• **What you need to do**
From the entries below, return exactly the lines beginning at the one that contains "화려한 장미 옆에서도" and ending at the one that contains "El incidente se", both of them included, and only those lines.

• **Material shown**
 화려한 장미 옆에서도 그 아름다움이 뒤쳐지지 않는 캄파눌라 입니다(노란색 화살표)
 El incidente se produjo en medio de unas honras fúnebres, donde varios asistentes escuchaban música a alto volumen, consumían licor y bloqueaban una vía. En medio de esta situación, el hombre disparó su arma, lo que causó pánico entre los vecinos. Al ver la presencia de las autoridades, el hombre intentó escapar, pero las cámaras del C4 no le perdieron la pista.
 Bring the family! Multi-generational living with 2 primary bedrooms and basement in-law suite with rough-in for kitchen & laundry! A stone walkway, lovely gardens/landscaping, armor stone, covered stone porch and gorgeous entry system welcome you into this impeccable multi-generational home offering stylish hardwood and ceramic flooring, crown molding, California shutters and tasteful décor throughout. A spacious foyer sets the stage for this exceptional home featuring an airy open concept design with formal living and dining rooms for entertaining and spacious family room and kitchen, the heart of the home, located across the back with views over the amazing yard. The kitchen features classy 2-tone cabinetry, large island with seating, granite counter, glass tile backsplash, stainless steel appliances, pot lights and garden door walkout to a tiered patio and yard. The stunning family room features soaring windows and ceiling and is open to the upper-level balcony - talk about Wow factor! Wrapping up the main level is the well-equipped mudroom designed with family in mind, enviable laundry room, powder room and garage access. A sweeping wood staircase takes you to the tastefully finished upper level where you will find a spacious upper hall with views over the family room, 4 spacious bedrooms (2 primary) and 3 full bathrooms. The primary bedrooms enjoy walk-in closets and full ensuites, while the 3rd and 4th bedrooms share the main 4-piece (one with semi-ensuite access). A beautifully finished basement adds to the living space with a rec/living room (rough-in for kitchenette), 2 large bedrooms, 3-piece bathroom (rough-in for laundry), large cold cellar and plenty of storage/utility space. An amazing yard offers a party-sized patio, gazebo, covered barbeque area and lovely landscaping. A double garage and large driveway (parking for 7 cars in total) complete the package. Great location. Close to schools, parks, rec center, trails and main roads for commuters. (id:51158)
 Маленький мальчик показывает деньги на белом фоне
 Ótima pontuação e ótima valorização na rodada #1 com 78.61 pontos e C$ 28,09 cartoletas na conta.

* * *

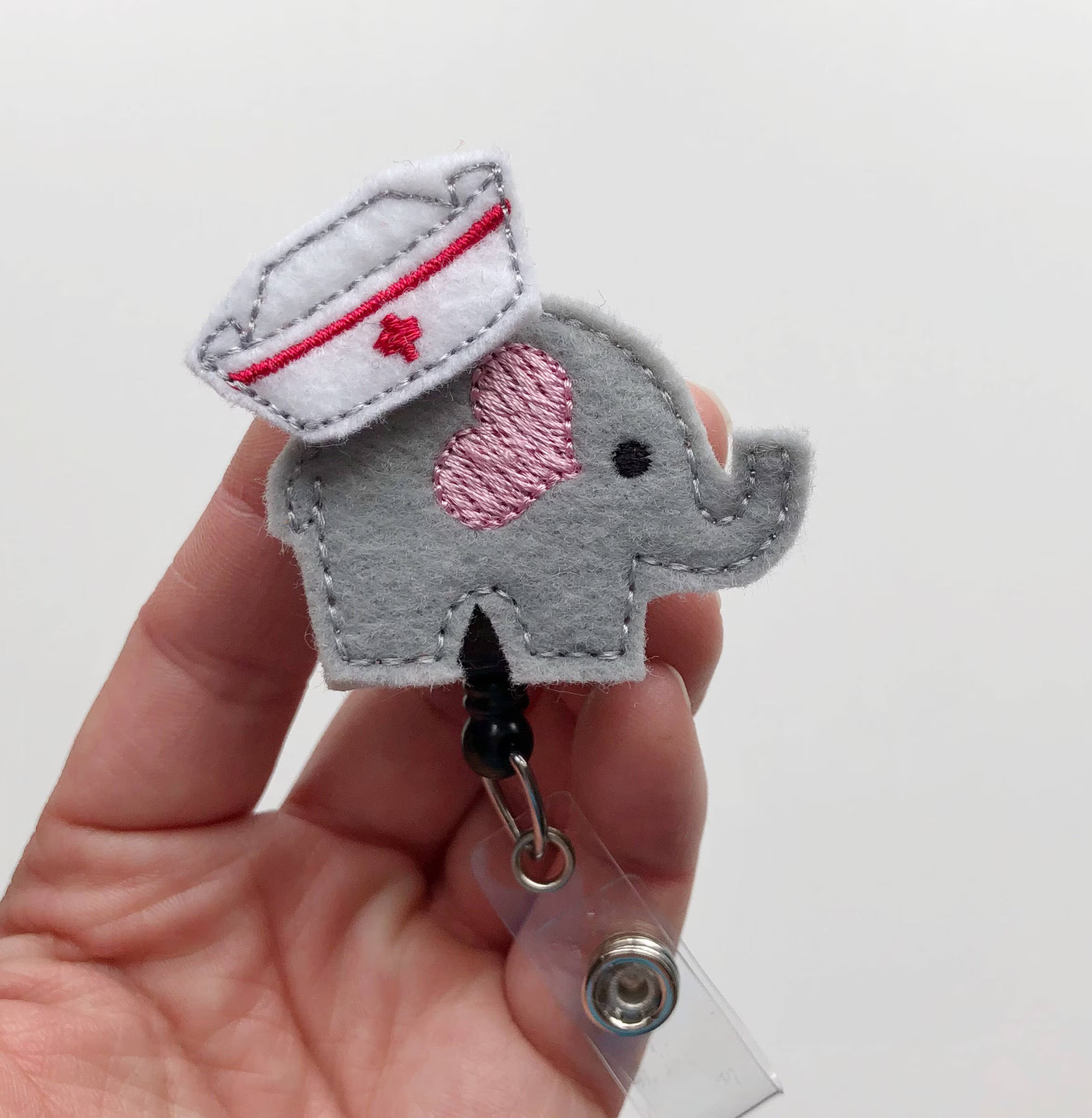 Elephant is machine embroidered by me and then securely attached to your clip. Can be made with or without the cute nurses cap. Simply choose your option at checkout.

* * *

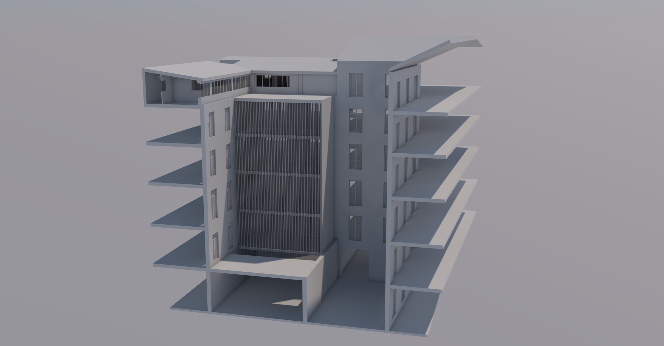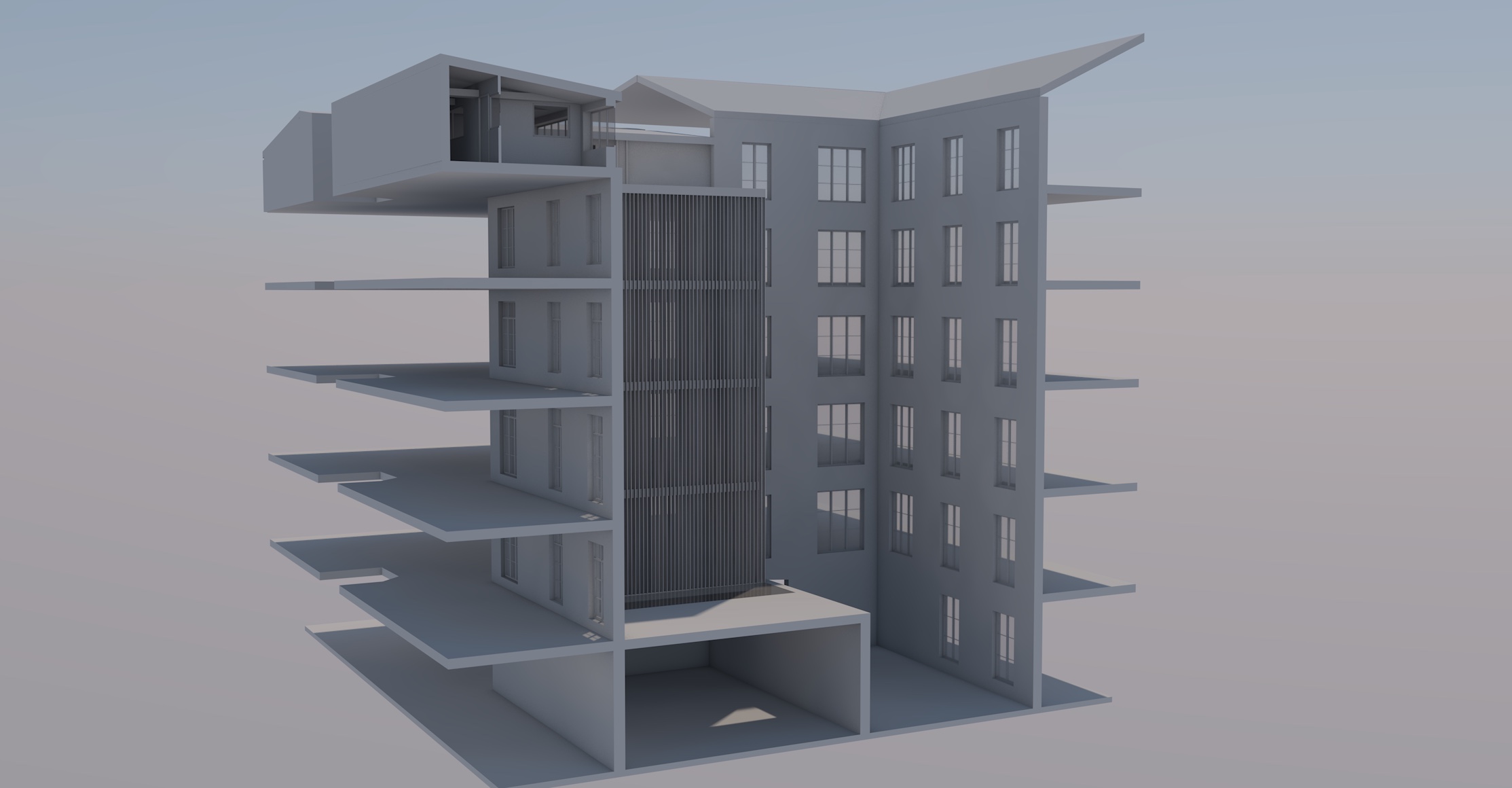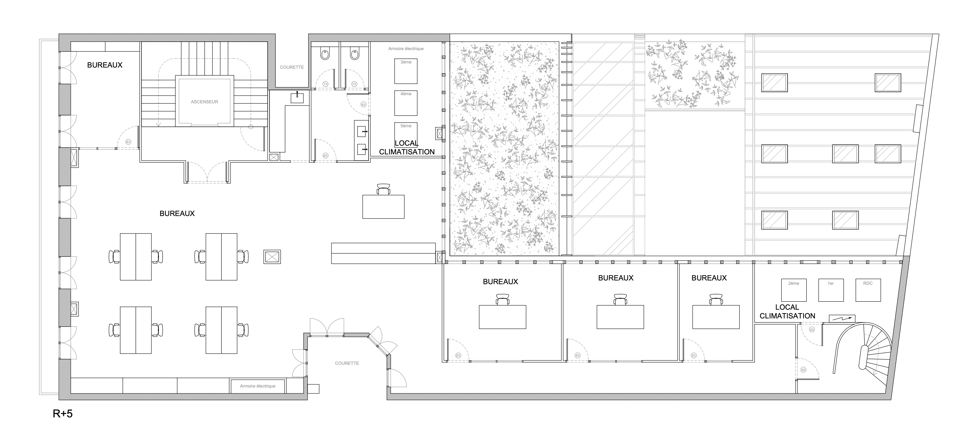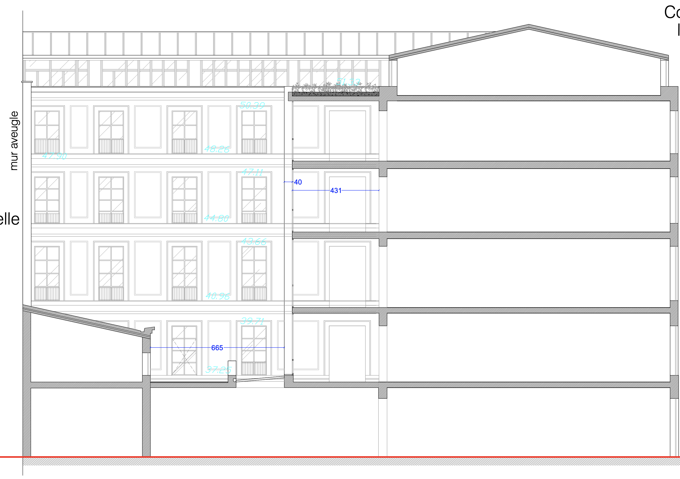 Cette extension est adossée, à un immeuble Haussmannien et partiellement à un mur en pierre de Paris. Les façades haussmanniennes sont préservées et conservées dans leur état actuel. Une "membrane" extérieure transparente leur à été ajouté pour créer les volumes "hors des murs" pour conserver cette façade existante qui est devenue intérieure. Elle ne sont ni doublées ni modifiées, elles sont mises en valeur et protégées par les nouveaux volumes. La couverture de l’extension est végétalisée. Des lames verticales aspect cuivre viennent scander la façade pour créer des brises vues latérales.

• **Response area**
 화려한 장미 옆에서도 그 아름다움이 뒤쳐지지 않는 캄파눌라 입니다(노란색 화살표)
 El incidente se produjo en medio de unas honras fúnebres, donde varios asistentes escuchaban música a alto volumen, consumían licor y bloqueaban una vía. En medio de esta situación, el hombre disparó su arma, lo que causó pánico entre los vecinos. Al ver la presencia de las autoridades, el hombre intentó escapar, pero las cámaras del C4 no le perdieron la pista.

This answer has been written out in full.